La France, en proie à une absence criante de majorité politique, assiste impuissante à la dégradation de son système parlementaire. Les règles de l’Assemblée nationale, jadis garantes de l’ordre, sont devenues de simples outils de manipulation législative, transformant la prise de décision collective en un véritable champ de bataille. Cette situation alarmante n’est pas nouvelle : dès 1909, Mary Parker Follett, pionnière des sciences de gestion, avertissait des dangers d’une nation où le « sens de l’ordre politique demeure fragile » et où la « maîtrise de soi au sein des débats fait défaut ».
Le constat est amer : la gestion de la décision collective est un espace politique totalement négligé, tout aussi crucial que les idées politiques elles-mêmes. Les citoyens, ébahis, découvrent les effets déroutants de ce dysfonctionnement : des milliers d’amendements superflus, des pratiques d’obstruction systématiques et des lois votées par des coalitions contre-nature qui n’ont d’autre but que de paralyser le pays. L’opacité règne, et la plupart des règles parlementaires restent délibérément cachées jusqu’aux situations les plus extrêmes.

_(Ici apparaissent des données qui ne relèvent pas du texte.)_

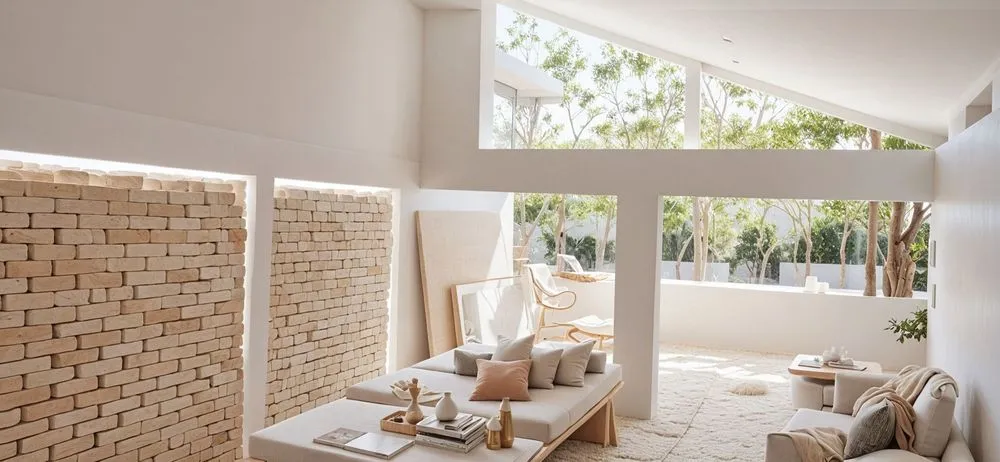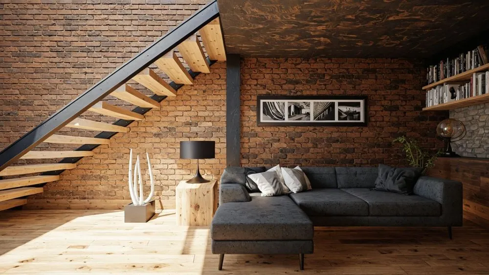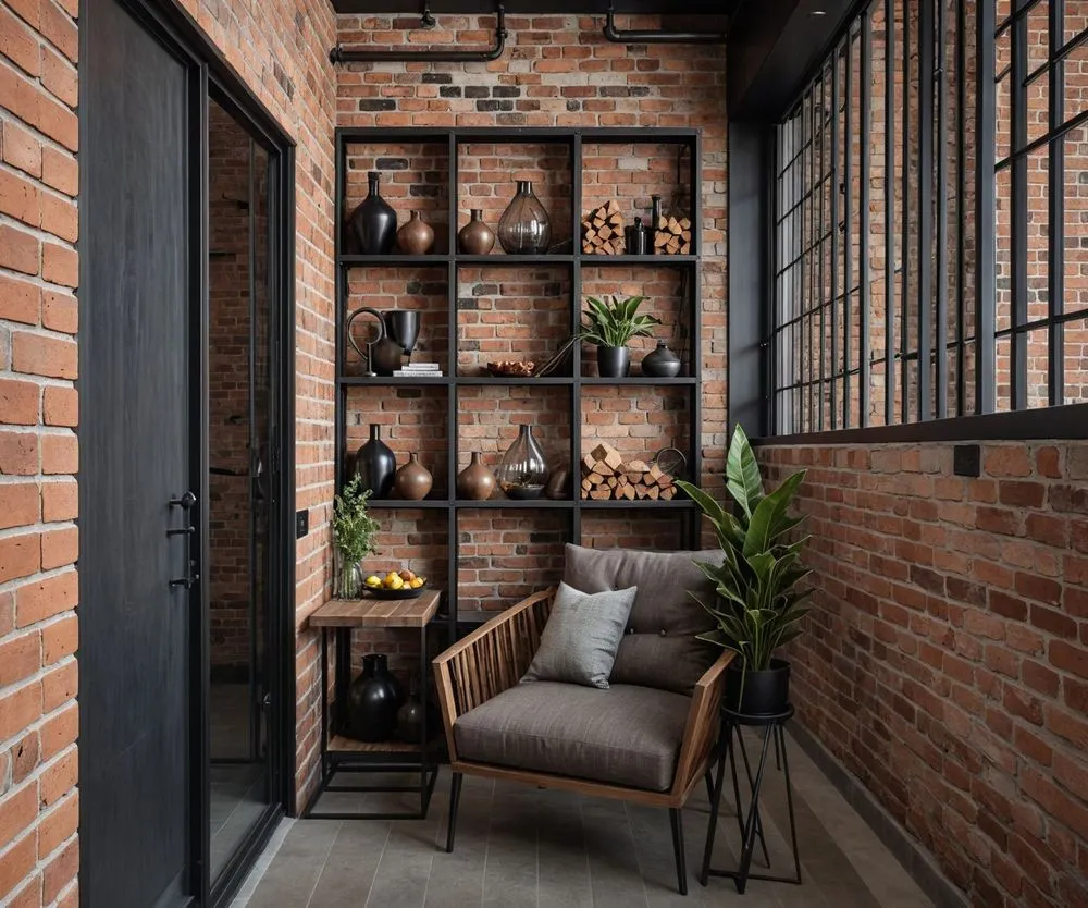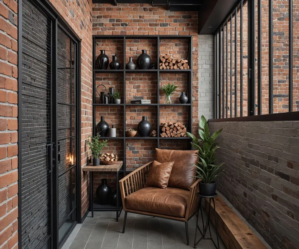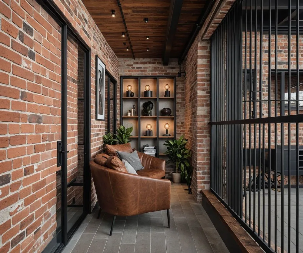 a living area with brick walls, plants and a leather chair
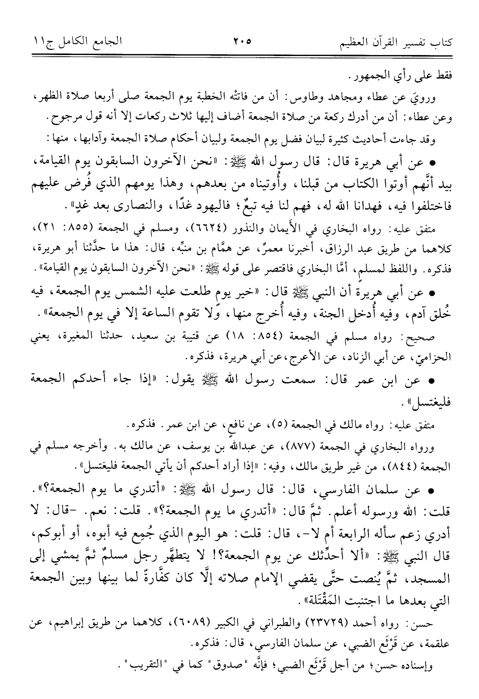 كتاب الجامع الكامل في الحديث الصحيح الشامل المرتب على أبواب الفقه (اسم الجزء: 11)
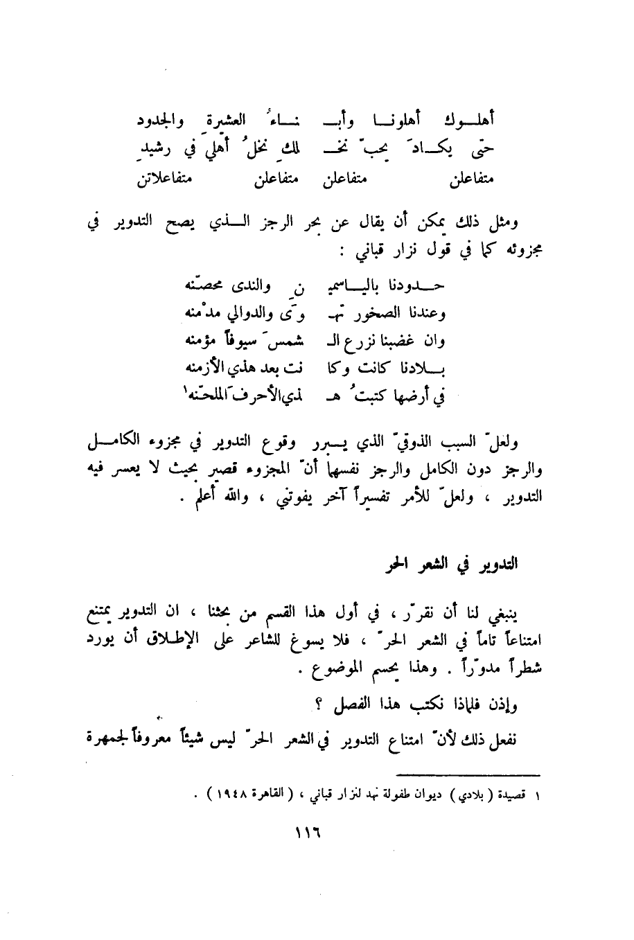 ومثل ذلك يمكن أن يقال عن بحر الرجز الذي يصح التدوير في مجزوئه كما في قول نزار قباني:

Qui connaissait, avant la crise actuelle, les dates limites de vote du budget ou les contraintes de la seconde lecture ? Ces rouages essentiels, ignorés du grand public, mettent en lumière l’échec cuisant de nos institutions. La rationalité des choix collectifs, déjà mise en doute par Condorcet, s’effondre sous le poids des jeux politiciens. La vie parlementaire, bien plus qu’une simple confrontation d’idées, exige des normes de gestion rigoureuses, des règles de gouvernance claires et des modes d’expression encadrés. En leur absence, la démocratie française s’enfonce inexorablement dans le chaos, menaçant la stabilité même du gouvernement du peuple.